Meet The Maker
After an incredible response to her homeware objects at the prestigious West Coast Craft fair, Oakland resident Melanie Abrantes left her day job as a graphic designer to pursue a woodworking business. For the past six years, the maker has been sculpting and shaping blocks of material using a woodturning lathe and transforming them into beautiful one-of-a-kind vases, bowls and hanging planters. Her first book, Carve: A Simple Guide to Whittling, hit shelves last summer, and she’s been busy sharing her craft with others ever since. A recent sourcing trip to the Philippines has inspired the artist, who is half-Portuguese and half-Filipino, to merge her two cultures together into new designs, including a line of furniture she plans to launch soon.

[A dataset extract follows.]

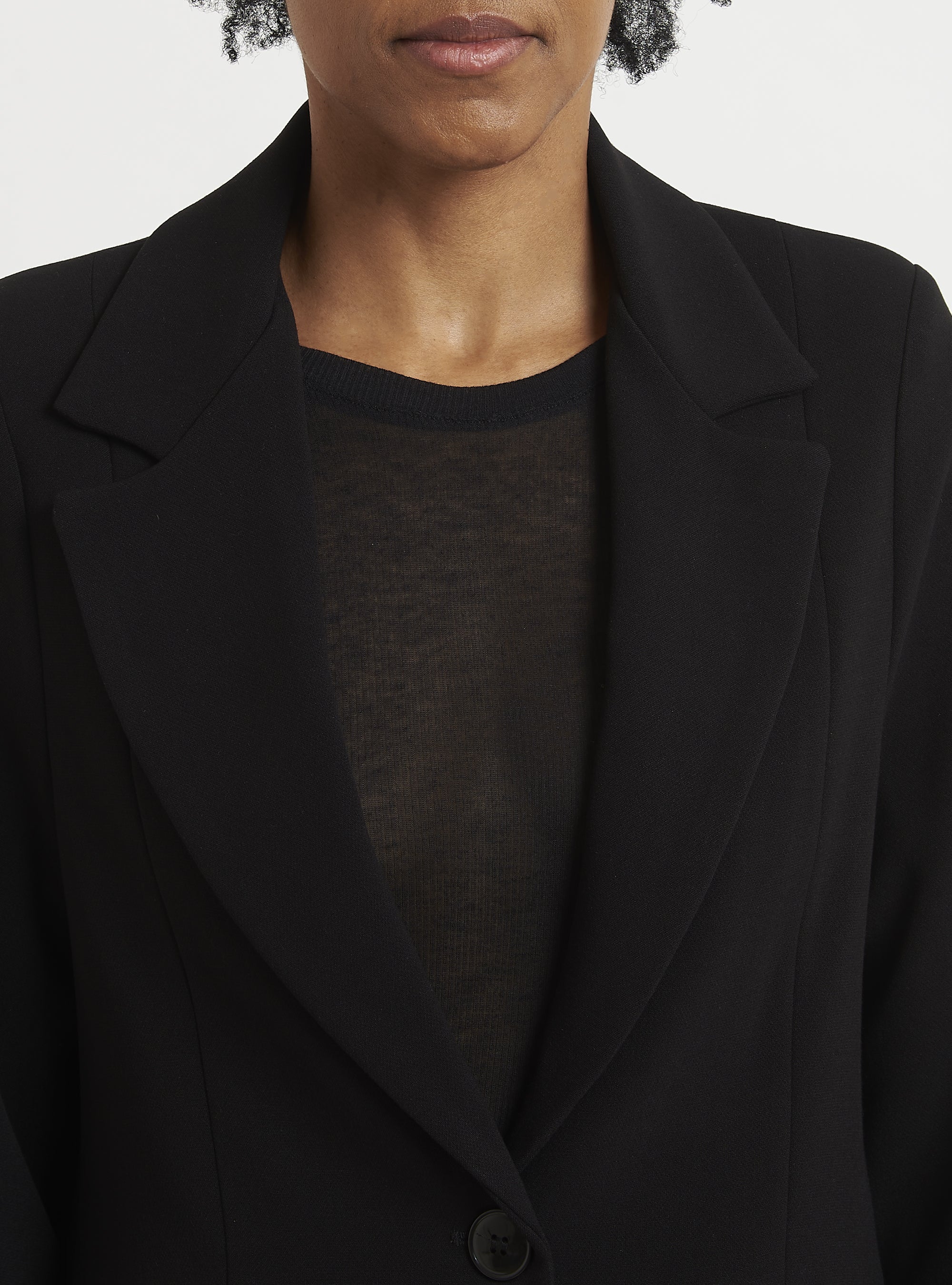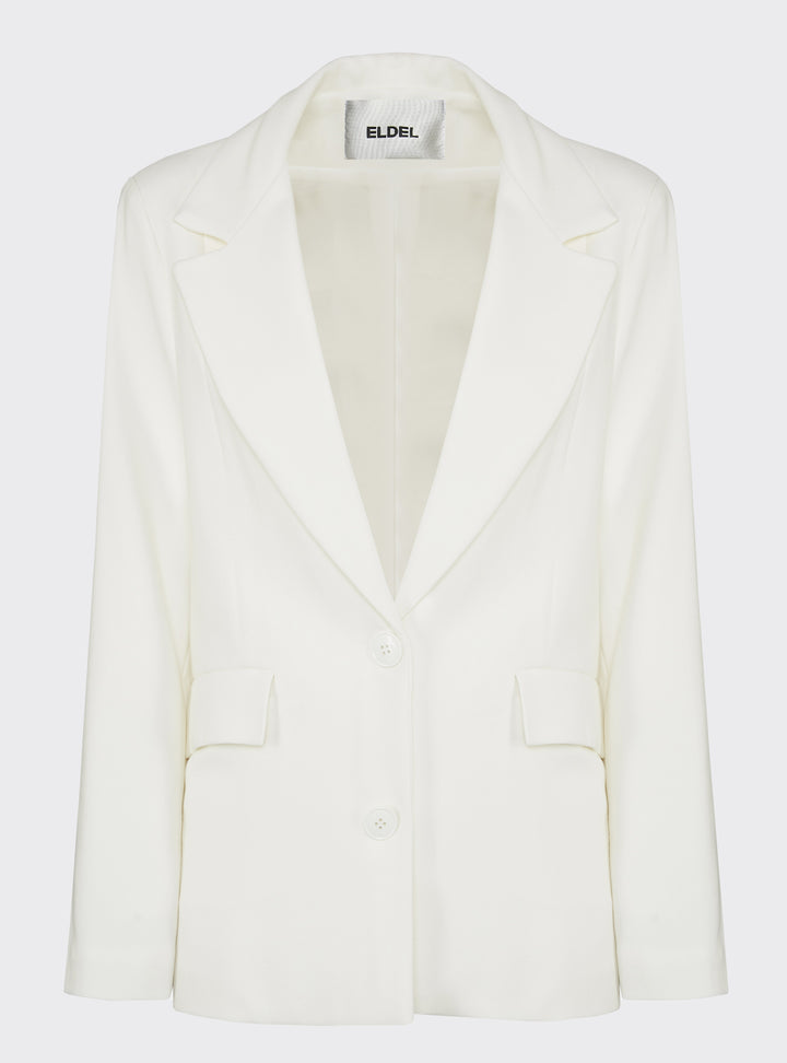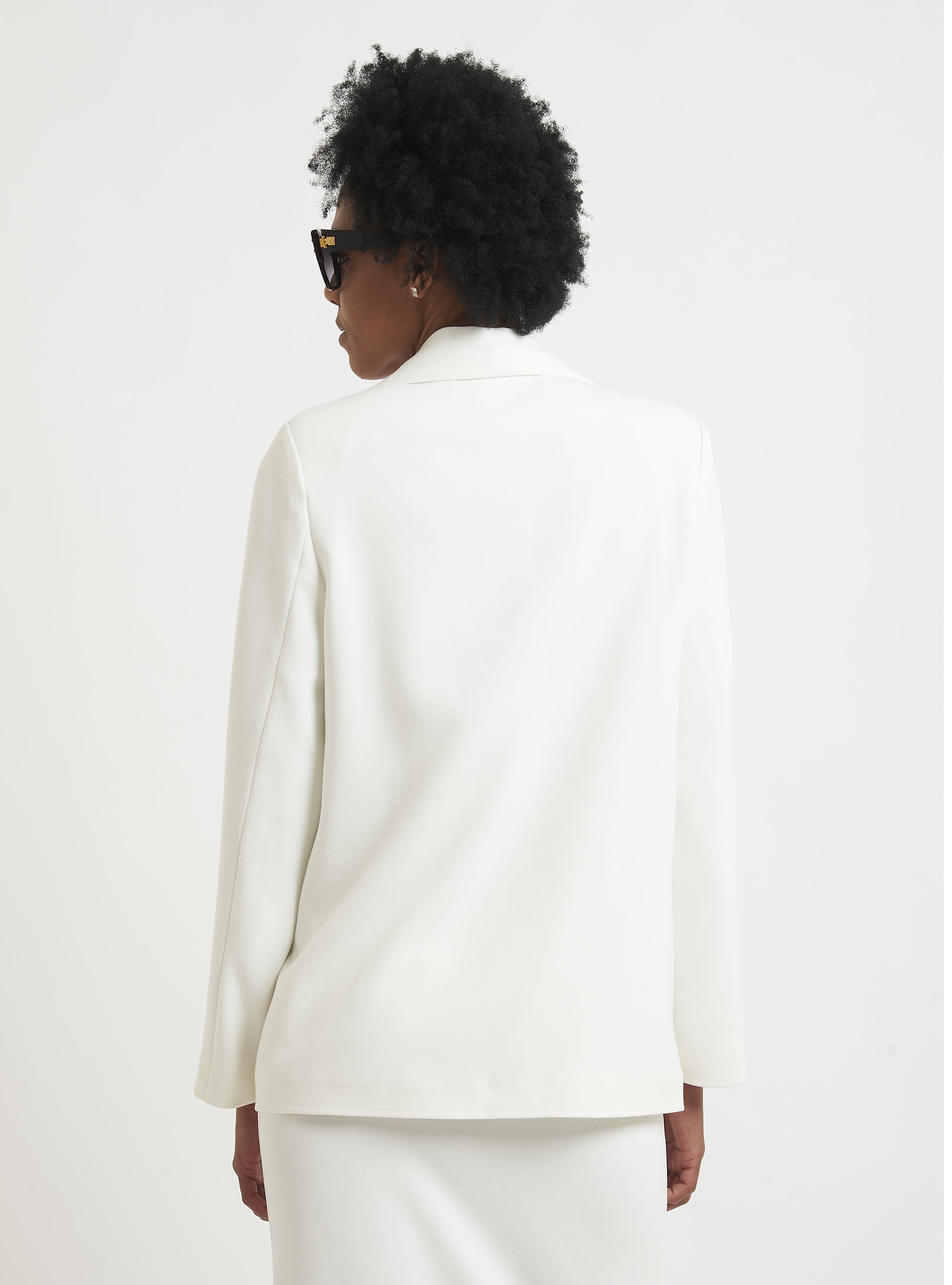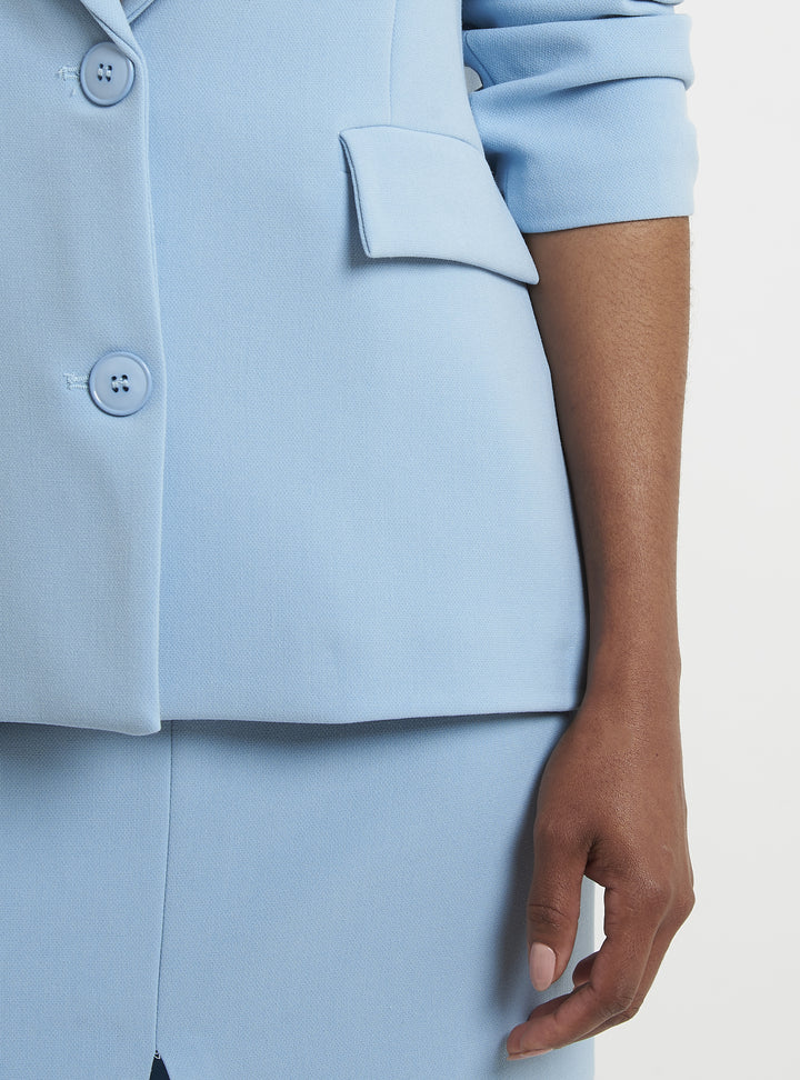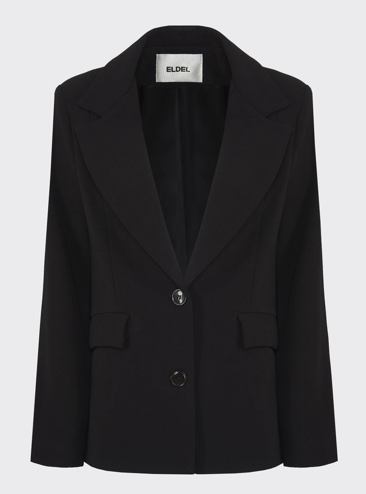 Single-breasted wool jacket. Boxy fit with peak collar and flap pockets. This versatile piece defines your unique style. Fits true to size.

How do you get in the creative zone?
Travel helps get my creative juices flowing. It could be a hike to the local redwoods or going to a different country. I find inspiration in the textures, colors and shapes of new places and different surroundings. On a more practical level, I start by solving a problem that I have in my own home and designing a solution. A lot of my pieces are inspired by living in small spaces and objects that tie me back to nature.
What made you want to work with wood and cork?
I was drawn to cork because of its connection to my Portuguese heritage–I grew up visiting my grandfather and seeing the different cork products made there. I also wanted to use components that were eco-friendly and biodegradable. I think it’s important to create quality products that can be passed down from generation to generation rather than make items that could easily fall apart.
Why is it important to you to share your craft with others?
I started teaching classes so I could show people how to work with their hands. I think it’s so necessary to take a break from technology. Carving in my class will give your eyes a break, plus teach you a new skill that you can perfect and continue after. Wood is such a solid material, and it’s fascinating to me how we can manipulate it into beautiful objects for the home.